Minimum difference possible between two given numbers by rearranging their digits in the same order

Last Updated : 02 Jul, 2021

Given two N-digit positive integers X and Y, the task is to find the minimum absolute difference between both the integers possible by rearranging the digits of both the integers in the same order.

Examples:

Input: X = 5181, Y = 3663
Output: 1482
Explanation:
Rearranging the digits of both the given integers in the order of (3, 2, 4, 1) modifies the value of X and Y as 8115 and 6633 respectively.
Therefore, the absolute difference between the two is (8115 – 6633) = 1482, which is the minimum possible difference.

Input: X = 37198, Y = 44911
Output: 1278

Approach: The given problem can be solved by finding the absolute difference between every permutation of X and Y having the same order of rearrangements of digits.
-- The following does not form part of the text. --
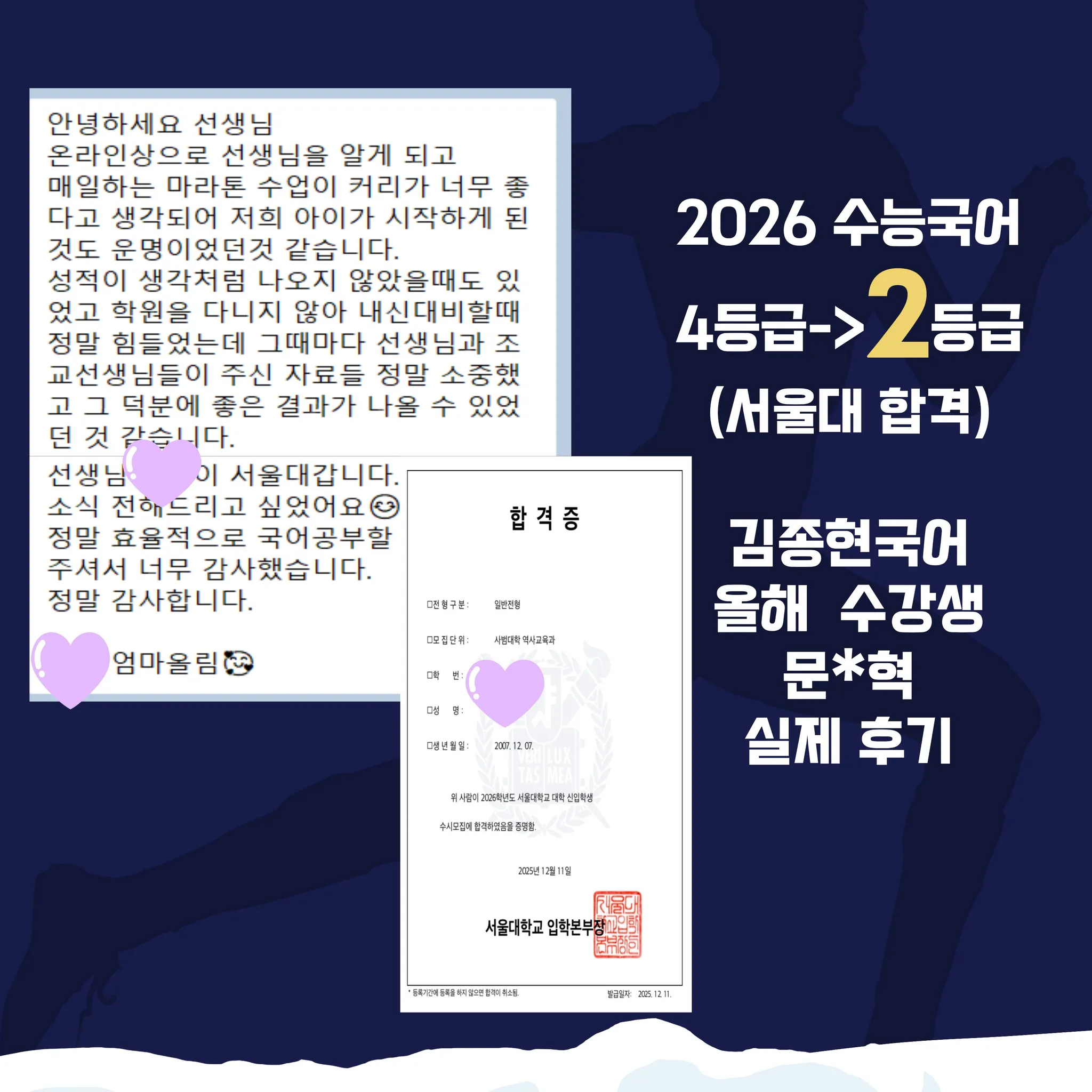 ■ 성적 : 최저 맞춤 - 서울대학교 합격, 6모 4등급에서 수능국어 2등급 달성

Follow the steps below to solve the problem:

Initialize a 2D array arr[2][N], that stores the digits of numbers X and Y respectively.
Initialize an array, say P[], that stores the permutation of the numbers [0, N – 1].
Initialize a variable, say minDIff that stores the minimized difference between X and Y.
Traverse the all possible permutation of P[] and perform the following steps:
- Rearrange the digits of X and Y according to the permutation and store the absolute difference between them in a variable say difference.
- After the above steps, update the value of minDIff as the minimum of minDiff and difference.
After completing the above steps, print the value of minDIff as the minimum difference.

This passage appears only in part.